🤖 AI Summary
This work investigates efficient training strategies for models to acquire low-frequency compositional reasoning skills under long-tailed power-law distributions. Focusing on compositional reasoning tasks, the authors compare power-law and uniform data sampling strategies through theoretical sample complexity analysis and loss landscape characterization. They demonstrate that power-law sampling introduces a beneficial asymmetry, enabling models to first master high-frequency skills and subsequently transfer this knowledge effectively to rare compositions. Empirical results on tasks such as state tracking and multi-step arithmetic show that power-law training substantially outperforms uniform sampling.
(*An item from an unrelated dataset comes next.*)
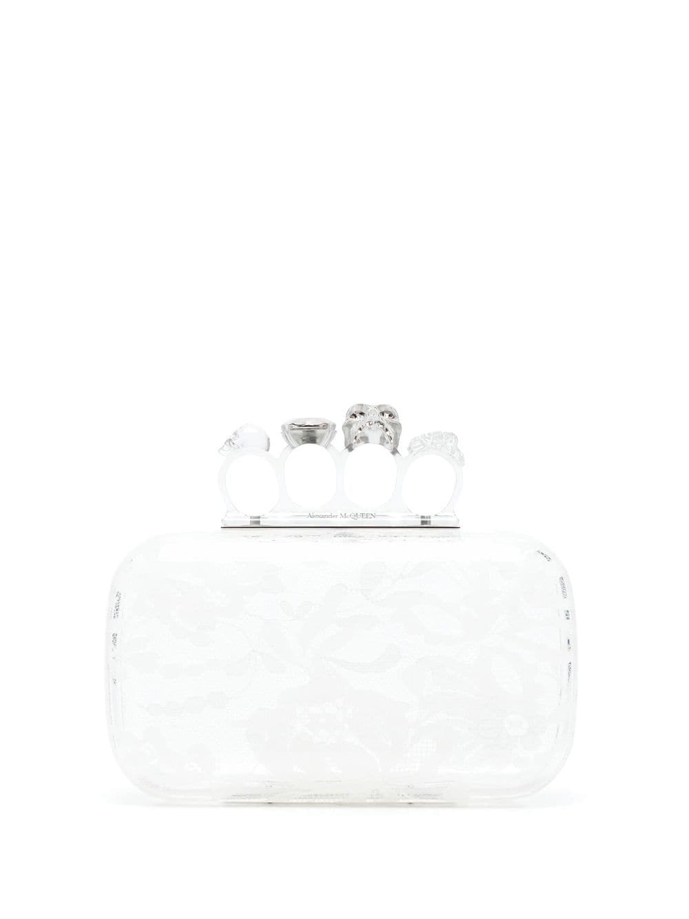 Skull Four-Ring clutch from Alexander McQueen featuring transparent design, silver-tone hardware, skull stud embellishment, knuckleduster design, clasp fastening, main compartment and white.

Theoretically, this approach requires fewer samples to achieve comparable or superior generalization, establishing a sample-efficient paradigm for long-tailed compositional generalization.
📝 Abstract
Natural language data follows a power-law distribution, with most knowledge and skills appearing at very low frequency. While a common intuition suggests that reweighting or curating data towards a uniform distribution may help models better learn these long-tail skills, we find a counterintuitive result: across a wide range of compositional reasoning tasks, such as state tracking and multi-step arithmetic, training under power-law distributions consistently outperforms training under uniform distributions. To understand this advantage, we introduce a minimalist skill-composition task and show that learning under a power-law distribution provably requires significantly less training data. Our theoretical analysis reveals that power law sampling induces a beneficial asymmetry that improves the pathological loss landscape, which enables models to first acquire high-frequency skill compositions with low data complexity, which in turn serves as a stepping stone to efficiently learn rare long-tailed skills. Our results offer an alternative perspective on what constitutes an effective data distribution for training models.